Your objective>
What's needed is an exact retyping of the lines from the start of the listing up to and including the line with "This paper develops", minus any pictures.

Data segment>
*** Block opens ***

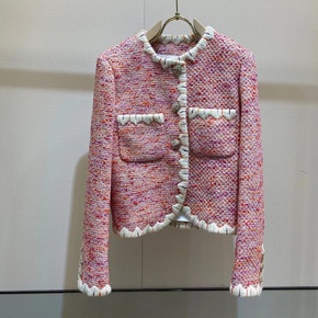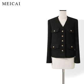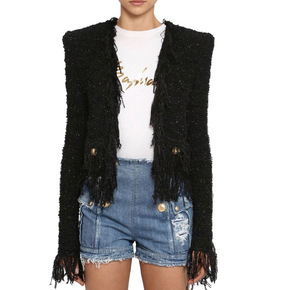 2021春秋新款黑色亮丝粗花呢流苏边口袋纽扣装饰开...
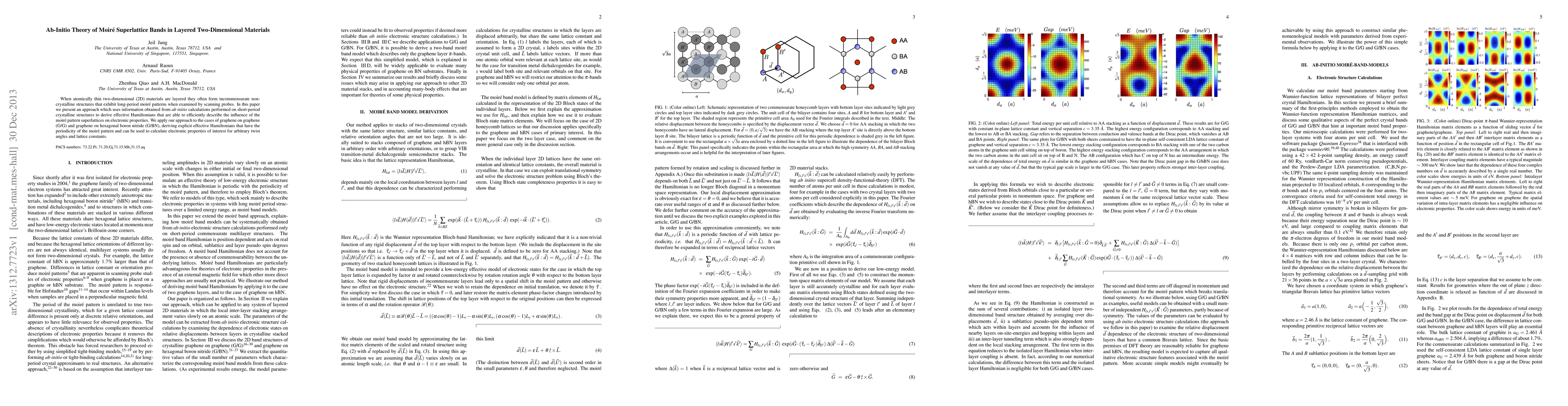 This paper develops an ab-initio theoretical approach to derive effective Hamiltonians for moiré superlattices in layered 2D materials, enabling efficient description of their electronic properties. It applies this method to graphene/graphene and graphene/hexagonal boron nitride systems.
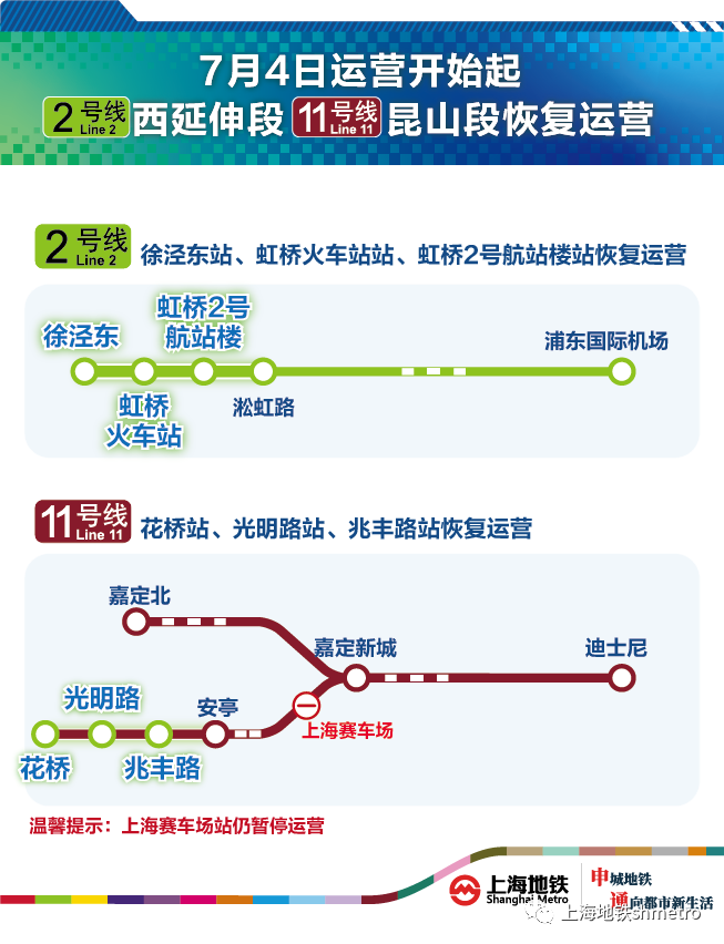 2022年7月4日运营开始起,上海地铁2号线徐泾东站、虹桥火车站站、虹桥2号航站楼站,以及11号线花桥站、光明路站、兆丰路站恢复运营。至此,除11号线上海赛车场站仍暂停运营外,上海地铁全网其他所有车站均提供正常运营服务。

*** Block closes ***

Written response>
 2021春秋新款黑色亮丝粗花呢流苏边口袋纽扣装饰开...
 This paper develops an ab-initio theoretical approach to derive effective Hamiltonians for moiré superlattices in layered 2D materials, enabling efficient description of their electronic properties. It applies this method to graphene/graphene and graphene/hexagonal boron nitride systems.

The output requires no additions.